About that time my cell phone rang and it was my partner, saying he’d dealt with this same woman the night before. She and her boyfriend – and I was assuming Brent at this point – had an argument and HE called 911. He also said –
“BRENT!!”
I hung up and went back to her. “Ma’am, one more and you’ll be wearing jailhouse orange – ”
BOOM! Another truck.
” -the rest of the night. Do you understand me?”
“But he should come live with me.”
“And what an offer that is, I’m sure. Where did he go walking?”
– Don’t forget the cellphone. Its importance is coming –
She pointed vaguely toward Mars and Pluto and maybe the Outer Ring of Planets in the Caprica System. “You’ll find him, right?”
I blinked. I hadn’t really planned on looking for ol’ lost Brent. I figured if he was lost and out of earshot, then at least one of us was relaxed. “Uh…sure…but…uh…only if you’ll go home.”
BOOM! Another truck, the smell of mushroom so pungent in its wake.
“I gotta find him.”
And I wanted to say: yeah, but you’re blitzed like London during the war and you’re falling out of your sexy pink granny panties and you’ve got this whole bike-seat-humping thing going on that I’m sure you want to get back to.

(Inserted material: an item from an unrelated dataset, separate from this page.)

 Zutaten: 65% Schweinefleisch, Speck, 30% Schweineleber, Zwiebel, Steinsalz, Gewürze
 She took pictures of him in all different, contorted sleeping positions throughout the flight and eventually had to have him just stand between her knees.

What I actually said was: “But what if Brent comes home? If you’re not there, he’s liable to leave again to come look for you. Plus, I don’t want any of those idiot truckers to hit you and hurt you.”

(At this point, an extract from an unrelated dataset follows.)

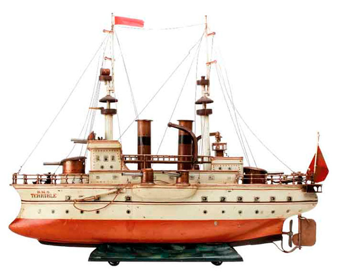 Говорят, как лодку назовешь — так она и поплывет. Видимо, сотрудники немецкой фирмы-производителя игрушек Märklin предчувствовали, что собранный ими в 1905 году корабль H.M.S. Terrible будет впоследствии продан за чудовищную сумму. Он представляет собой копию боевого парового судна, которое входило в состав Королевского военно-морского флота Великобритании и использовалось в годы Второй англо-бурской войны. Игрушка долгое время принадлежала известному коллекционеру Рону Маккринделлу. После его смерти в 2011 году корабль был выставлен на торги и вскоре куплен за сумму, примерно в полтора раза превышавшую ожидания аукционистов. Имя нового владельца «Ужасного» неизвестно: покупатель пожелал оставить за собой право на анонимность.
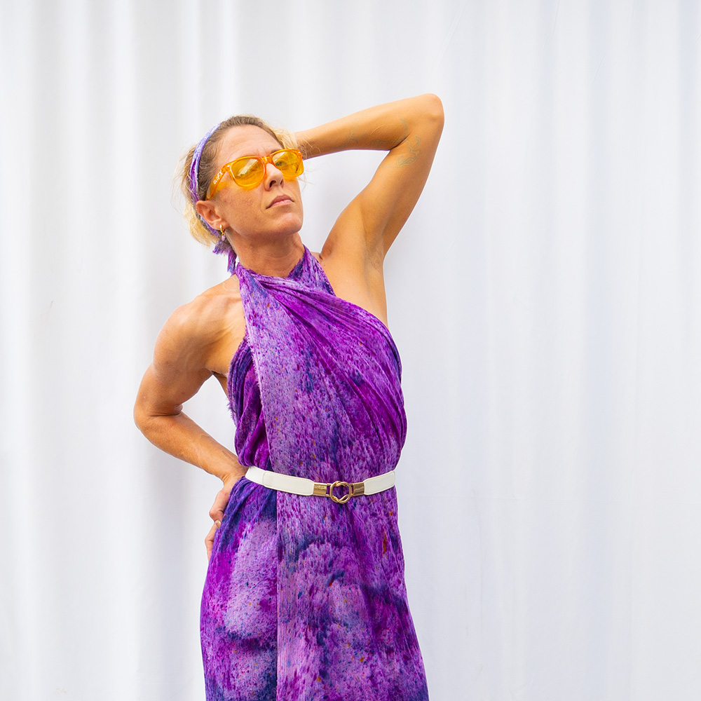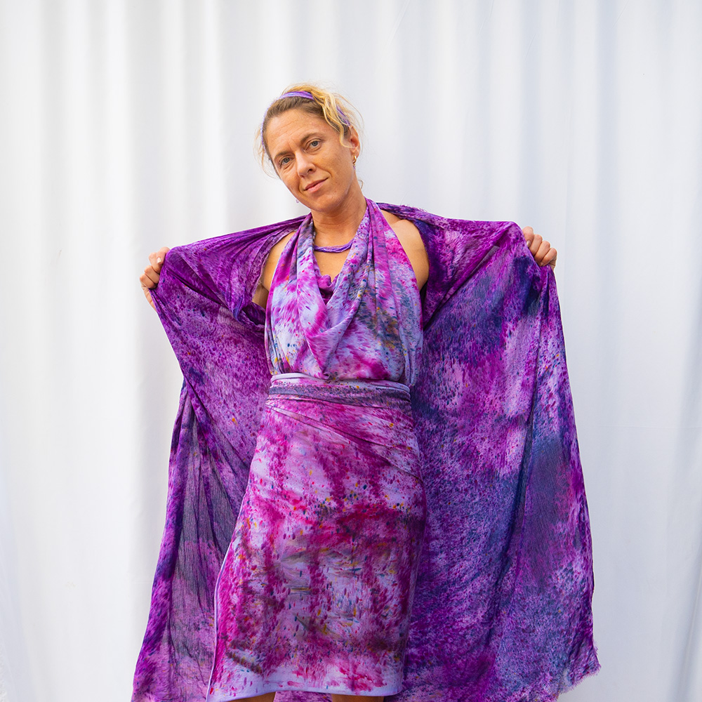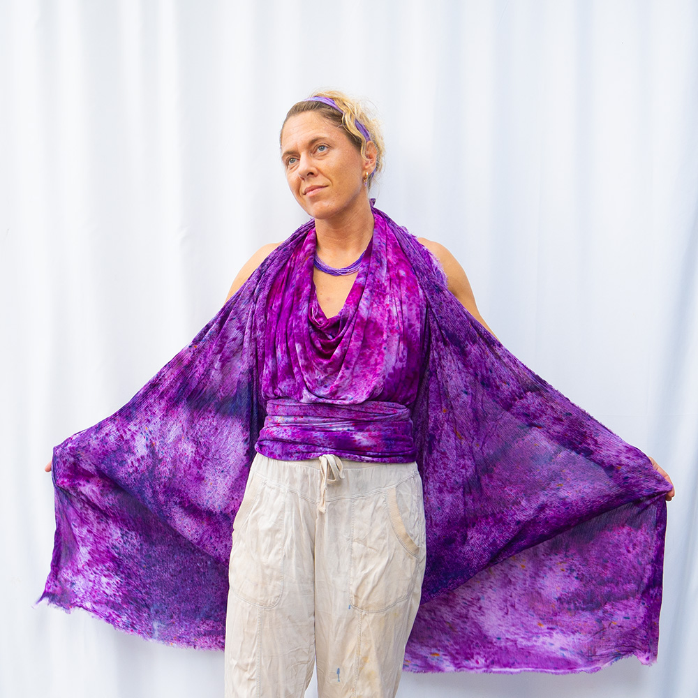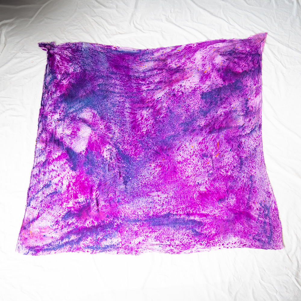 The Grape Square Wrap is a 50×50 inch square cut from 100% rayon. The generous size gives you full coverage as a wrap or shawl, and the lightweight rayon means it packs into nothing and emerges wrinkle-free. Each piece is hand dash-dyed using Dharma Procion MX fiber reactive dye — powder pigment fixed permanently into the fiber in small, deliberate dashes. The color is set, not coated, so it remains vivid through years of washing. Care: machine wash cold, regular cycle. Lay flat to dry. Do not iron.

See, it’s transference. Put it on the truckers. Make it that they’re the dummies and I’m simply concerned for her safety.
– cell phone minus 5 –
“But you’ll find him, right? You’ll tell him he needs to come home?”
– cell phone minus 4 –
“Absolutely. I’ll find him and tell him to come home to you. What’s his name again?”
“BRENT!”
Okay, that was just me having some fun at her expense. I knew his name. Hell, everyone in town knew his name. Sheesh, they were probably hiding him in their garages, feeling sorry for the poor sap who had that woman to look forward to.
– minus 3 –
“So get on that bike and get on home so you’re there when he calls.”
Yeah, that was my mistake, mentioning the cell phone.
– minus 2 –
Her eyes lit up. “I should call him.”
– minus 1 –
“That’s a great idea.”
– blast off –
She yanks her see-through shirt up and her bra down. Out pops the cell phone and –
There it is, Ladies and Gentlemen, staring right at me like the Eye of the Universe.

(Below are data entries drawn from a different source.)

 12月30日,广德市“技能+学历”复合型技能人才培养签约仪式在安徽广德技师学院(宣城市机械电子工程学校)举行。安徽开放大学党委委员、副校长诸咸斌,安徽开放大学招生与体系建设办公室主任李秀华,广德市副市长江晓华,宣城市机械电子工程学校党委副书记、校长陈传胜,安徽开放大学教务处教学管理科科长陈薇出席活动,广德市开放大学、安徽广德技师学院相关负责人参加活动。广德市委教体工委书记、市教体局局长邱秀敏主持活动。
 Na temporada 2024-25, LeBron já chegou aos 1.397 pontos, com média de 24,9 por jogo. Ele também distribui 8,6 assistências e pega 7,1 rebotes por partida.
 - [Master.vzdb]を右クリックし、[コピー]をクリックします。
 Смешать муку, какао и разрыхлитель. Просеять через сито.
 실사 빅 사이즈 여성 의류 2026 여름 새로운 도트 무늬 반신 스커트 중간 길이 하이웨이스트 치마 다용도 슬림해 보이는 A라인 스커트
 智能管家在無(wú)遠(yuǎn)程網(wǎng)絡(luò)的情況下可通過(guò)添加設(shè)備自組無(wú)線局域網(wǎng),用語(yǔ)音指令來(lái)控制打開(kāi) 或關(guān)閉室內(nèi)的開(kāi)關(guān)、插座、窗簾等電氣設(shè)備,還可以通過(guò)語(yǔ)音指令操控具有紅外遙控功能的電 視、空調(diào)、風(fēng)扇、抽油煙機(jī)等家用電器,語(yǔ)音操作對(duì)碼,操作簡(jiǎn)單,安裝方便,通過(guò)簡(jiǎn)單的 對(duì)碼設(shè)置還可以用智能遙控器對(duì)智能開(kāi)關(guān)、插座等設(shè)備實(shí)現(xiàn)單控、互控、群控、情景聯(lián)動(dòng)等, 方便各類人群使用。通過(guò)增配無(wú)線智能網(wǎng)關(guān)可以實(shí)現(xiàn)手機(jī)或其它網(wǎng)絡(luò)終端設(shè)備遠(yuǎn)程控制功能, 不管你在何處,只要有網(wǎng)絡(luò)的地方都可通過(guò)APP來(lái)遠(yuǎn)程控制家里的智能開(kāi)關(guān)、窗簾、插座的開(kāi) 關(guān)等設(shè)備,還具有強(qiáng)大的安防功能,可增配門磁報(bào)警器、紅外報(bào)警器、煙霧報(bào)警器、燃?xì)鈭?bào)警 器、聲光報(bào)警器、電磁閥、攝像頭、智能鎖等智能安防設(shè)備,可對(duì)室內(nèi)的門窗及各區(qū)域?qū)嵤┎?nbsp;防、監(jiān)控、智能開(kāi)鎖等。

The single hairiest nipple I’ve ever seen.
Just staring at me. Like some 4-year old kid in the seat in front of you on a plane. Staring and staring and staring. And then?
Winking.
Swear to all that’s holy. It winked. Trying to be seductive but instead reminding me of a drunk hillbilly with no teeth at a bar saying to the ladies ‘betchoo ain’t seen nothing like me a’fore, have ya?’
What I wanted to say: “Uh, ma’am, can you holster that thing back up?”
Or, “Can you stuff that back in your sock?”
What actually happened was I was so shocked I simply turned away, stared up the highway as though I saw Brent, and said, “Yeah, well, you get home and I’ll go find him.”
Bet you’re expecting another truck right now, aren’t you? Well, it would have been perfect; a truck slamming through, driver laying on the horn at the nekkidness. But it didn’t happen that way. More’s the pity, I guess.
Instead, she put her cell phone back in her bra/shirt, climbed none to gazelle-like on to the bike, and stuttered off into the night. I listened for a few minutes but never heard a crash or a yell so I assumed she made it home okay. I did actually spend a pretty good amount of time looking for Brent, but never found him. He found himself a great hiding place and wasn’t coming up for air no how no way.
I found out later that when we dealt with her the night before, the boyfriend’s name was Raymond or something. It certainly wasn’t Brent. So she had a couple stallions in the paddock.
At least until she unsheathed the Eye of the Universe.